This is very helpful. So it sounds like the worker nodes do not really need local storage; it's only the master node that periodically outputs a 5GB solution file. In which case gluster is not really needed (as opposed to NFS or just local storage on the master node), and also that network bandwidth might not be a critical issue (although perhaps latency, depending on the frequency and nature of inter-node MPI communication). Algebraic solvers tend to be very very CPU-intensive, secondarily RAM, then network and lastly storage.The pi test is just a simple “can I get the basics of MPI to work” test. The real use case involves solving large systems of equations using a software package called Petsc. Solving the system of equations typically takes 80% of the cpu time in serial and these types of calculations scale very well on shared memory machines and optimized distributed memory clusters. So the algorithm involves the master node spawning an MPI calculation over multiple nodes, each node builds its local chunk of the system (typically ~20-150G of RAM per node) and the system is solved with internode communication. When this is done a 1-5G solution file is saved to disk that is read by the main program running on the master node. I am using Glusterfs volume as a network file system from which MPI code is executed. I am open to alternatives for spawning parallel MPI calculations and am only using GlusterFS because the examples above suggested this as a better alternative to NFS.

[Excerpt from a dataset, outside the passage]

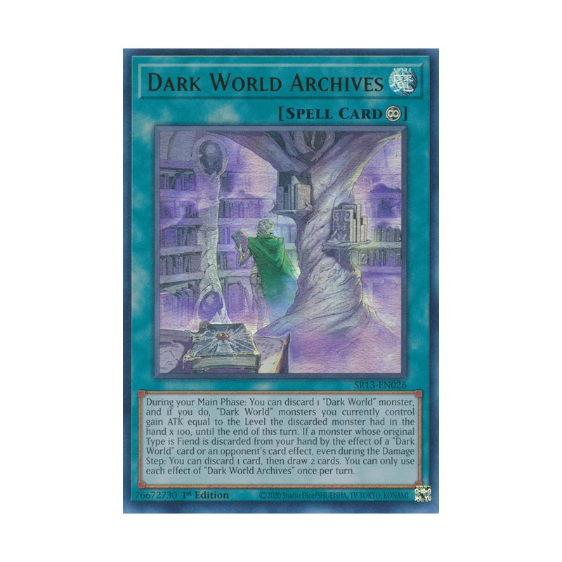 Texto (EN): During your Main Phase: You can discard 1 "Dark World" monster, and if you do, "Dark World" monsters you currently control gain ATK equal to the Level the discarded monster had in the hand x 100, until the end of this turn. If a monster whose original Type is Fiend is discarded from your hand by the effect of a "Dark World" card or an opponent's card effect, even during the Damage Step: You can discard 1 card, then draw 2 cards. You can only use each effect of "Dark World Archives" once per turn.

I do not have huge storage needs since this cluster is really about performing calculations that involve large amounts of RAM as quickly as possible. After calculations are completed I copy the results over the network (~100-300G) to my Threadripper workstation for visualization and post-processing. This cluster is used by a very small team so there is no need to worry about managing many users etc..
Have you considered offloading BLAS operations to GPUs?